За чертой милосердия - Дмитрий Гусаров
Шрифт:
Интервал:
Закладка:
Все понимали, что осуществление этого плана даже при самом благоприятном исходе сулит немалые потери, но никто не высказал ни сомнений, ни возражений — это был приказ, и лучшего варианта не было.
Григорьев, сделав паузу, повторил мысль, которую он уже высказал вечером комиссару и начальнику штаба:
— Просто отойти мы не можем… Мы должны хотя бы на время отбить у противника охоту преследовать нас. Конечно, атаковать в двух направлениях — это нахальство с нашей стороны. Но именно поэтому оно и может принести успех. Важно действовать решительно и с той быстротой, на какую мы способны… Для эвакуации раненых каждый отряд направит в распоряжение санчасти по отделению. Дело это настолько трудное, что им займется комиссар бригады. Всё! По местам и готовьтесь к прорыву!

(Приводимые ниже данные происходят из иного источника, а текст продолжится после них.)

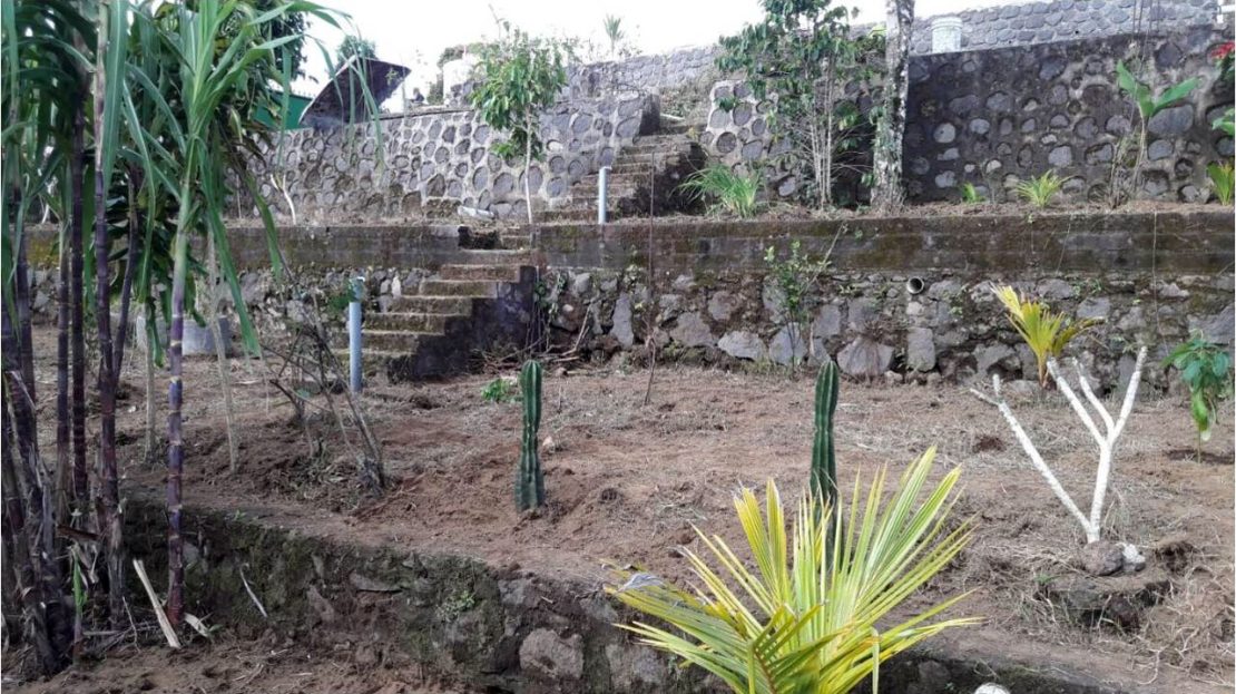 The lower sloping 4 are part of land is already landscaped in terraces. Separated with stone walls and connected via staircases. Each terrace has its own water supply as we have created gardens there.
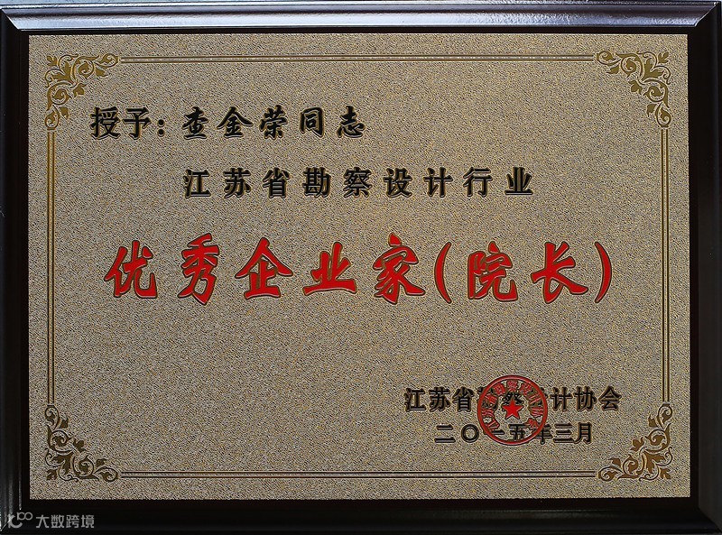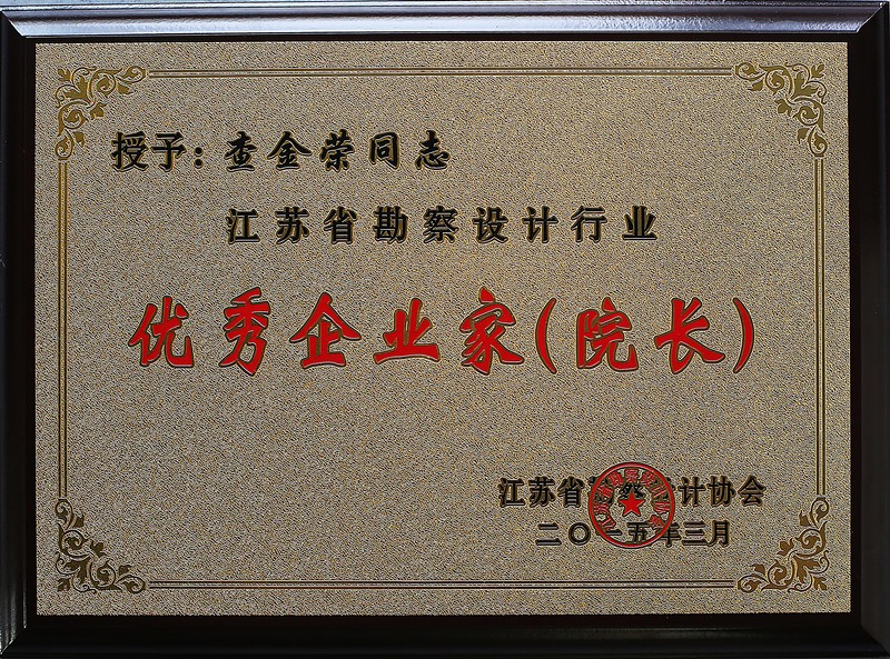 查金荣院长获江苏省勘察设计行业优秀企业家(院长)

Тут же все командование бригады распределилось на время прорыва по отрядам: комбриг пойдет с «чапаевцами», комиссар — с отрядом «За Родину», его помощники Кузьмин и Тихонов — с «антикайненцами» и «Буревестником», а Колесник будет согласовывать действия разведвзвода, «Боевых друзей» и «Мстителей».
Поручение комбрига обидно укололо Аристова. Даже не само поручение — тут ничего особенного не было, эвакуация раненых действительно серьезная проблема, и кому-то из командования бригадой ею надо заниматься. Удивило, как оно было дано. Григорьев мог бы заранее по-товарищески предупредить, что хочет, чтобы этим делом занялся комиссар. А то выдал при всех, без согласования, и чуть ли не в приказном порядке, словно комиссар сам не знает своих обязанностей.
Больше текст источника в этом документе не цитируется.